▶ [Input data]
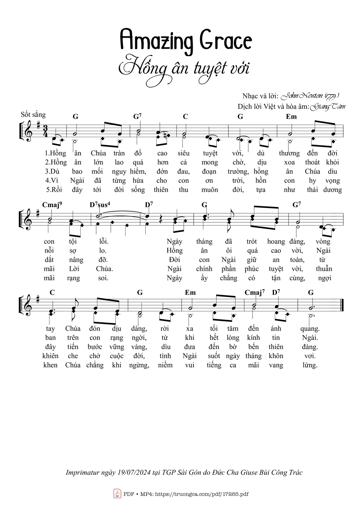 Các sheet PDF tương tự Amazing Grace - Hồng ân Tuyệt Vời:
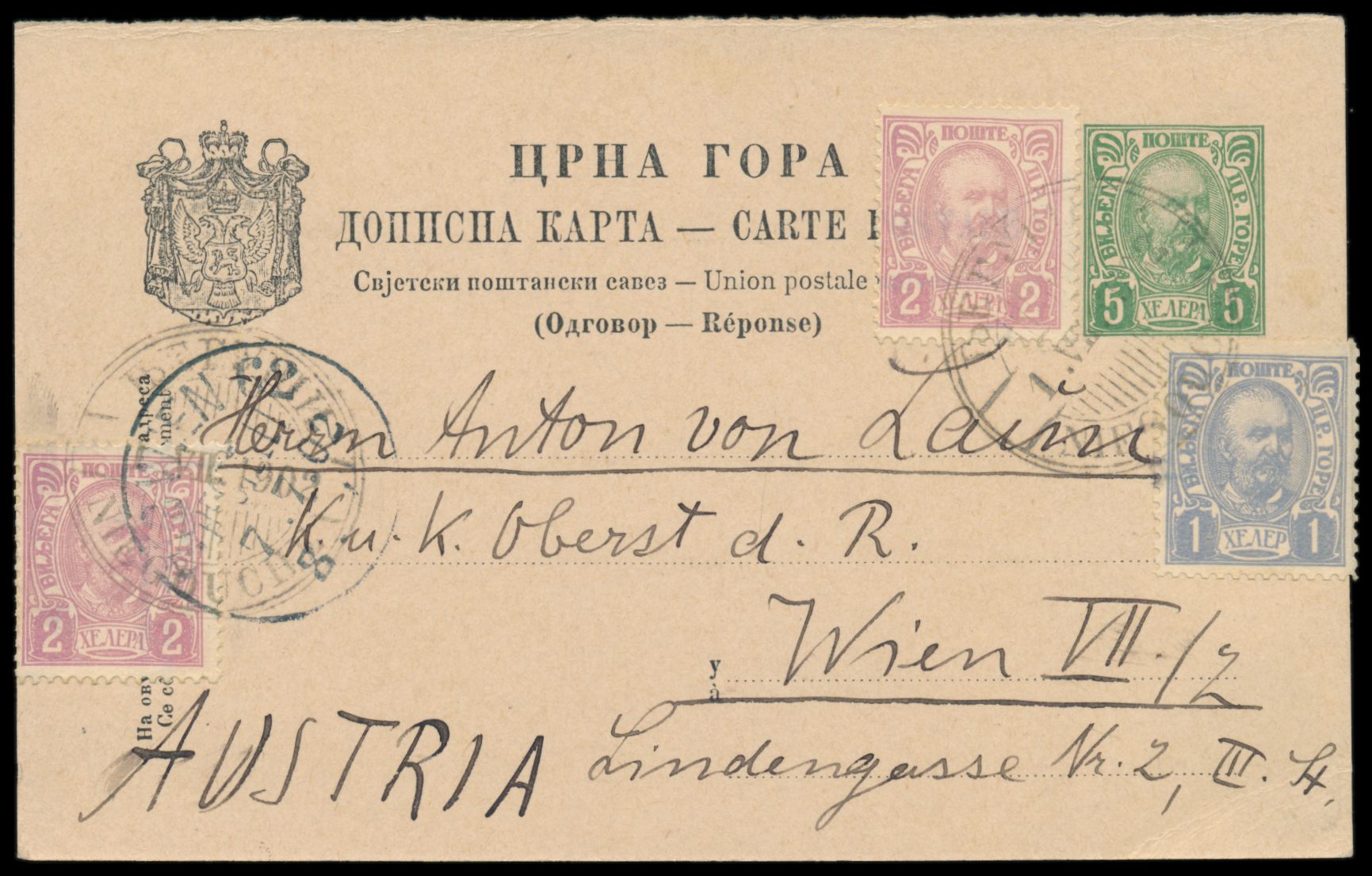 Ganzsachen-Antwortteil 5 H. (Fürst Nikolaus) mit Zusatzfrankatur 1 H. und 2 x 2 H., Stempel Niegouche 1.7.1902, nach Wien, Ankunftstempel 7.7.02, Bedarf
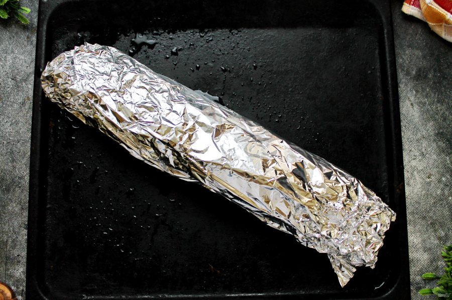 Заверните рулет в пергамент, а затем в фольгу для запекания.

▶ [Task to complete] For this exercise, return the material word for word and drop each image.

▶ [Answer below]
 Các sheet PDF tương tự Amazing Grace - Hồng ân Tuyệt Vời:
 Ganzsachen-Antwortteil 5 H. (Fürst Nikolaus) mit Zusatzfrankatur 1 H. und 2 x 2 H., Stempel Niegouche 1.7.1902, nach Wien, Ankunftstempel 7.7.02, Bedarf
 Заверните рулет в пергамент, а затем в фольгу для запекания.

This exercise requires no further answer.